In this paper we consider the scheduling problem with parallel-batching machines from a game theoretic perspective. There are m parallel-batching machines each of which can handle up to b jobs simultaneously as a batch. The processing time of a batch is the time required for processing the longest job in the batch, and all the jobs in a batch start and complete at the same time. There are n jobs. Each job is owned by a rational and selfish agent and its individual cost is the completion time of its job. The social cost is the largest completion time over all jobs, the makespan. We design a coordination mechanism for the scheduling game problem. We discuss the existence of pure Nash Equilibria and offer upper and lower bounds on the price of anarchy of the coordination mechanism. We show that the mechanism has a price of anarchy no more than \(2-\frac{2}{3b}-\frac{1}{3\max \{m,b\}}\).

1 Introduction

With the development of the Internet, large-scale autonomous systems have become more and more common. The systems consist of many independent and selfish agents that compete for the usage of shared resources and act rationally on behalf of their own interest. Each agent has an individual cost and every system has some social cost. The selfish behavior of the agents results in a situation that can be characterized by some kind of equilibrium. Since the agents try to minimize their own cost, rather than the performance of the systems as a whole, such an equilibrium may lead to high cost compared to the global social optimum. A natural approach is designing protocols a priori in such a way that the selfish agents are induced to behavior that results in equilibria that nevertheless exhibit a good overall system performance. In this paper we are interested in a scheduling game on parallel-batching machines. Every agent owns a job and its individual cost is the completion time of its job. The social cost is the largest completion time over all jobs, the makespan.

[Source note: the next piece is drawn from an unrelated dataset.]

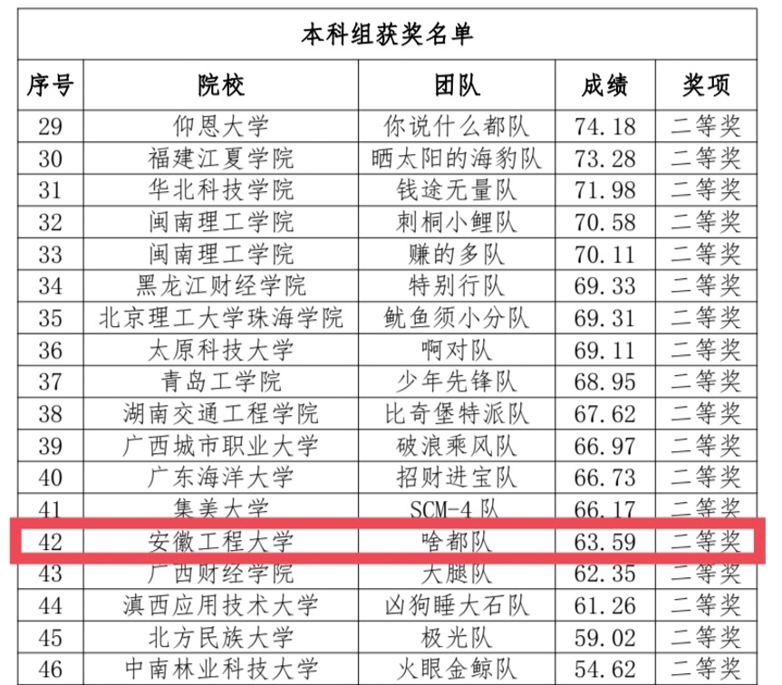 本次大赛自5月份开始,初期共有来自29个省市自治区的249所院校报名,经审核确定本科组共498支参赛队取得初赛资格。经过全国的初赛、复赛,最终有60支队伍进入全国总决赛。总决赛现场共评出本科组一等奖24名、二等奖36名,三等奖92名。

Parallel-batching scheduling There are n jobs \(\mathcal{{J}}=\{1,\dots , n\}\), where each job \(j\in \mathcal{{J}}\) has a processing time \(p_j\), which is a rational number. The jobs are indexed in non-increasing order of their processing times, i.e., \(p_1\ge p_2\ge \cdots \ge p_n\). There are m parallel-batching machines \(\mathcal{{M}}=\{M_1,\dots ,M_m\}\) each of which is a system that can handle up to b \((b<n)\) jobs simultaneously as a batch. The processing time of a batch is the time required for processing the longest job in the batch, and all the jobs in a batch start and complete at the same time. A schedule \(\sigma \) is m series of batches

where: (i) \( B_{i1},B_{i2},\dots , B_{ib_i} \) are the batches processed on machine \(M_i\); (ii) the batches form a partition of \(\mathcal{{J}}\), i.e., \(\bigcup \limits _{i=1}^{m}\bigcup \limits _{k=1}^{b_i}B_{ik}=\mathcal{{J}}\); (iii) the starting time of each batch is definite. The makespan \(C_{\max }(\sigma )\) of a schedule \(\sigma \) is the maximal completion time over all jobs, and it is the social cost of the schedule. According to the scheduling notation introduced by Graham et al. (1979), the scheduling problem is expressed as \(P|b<n|C_{\max }\).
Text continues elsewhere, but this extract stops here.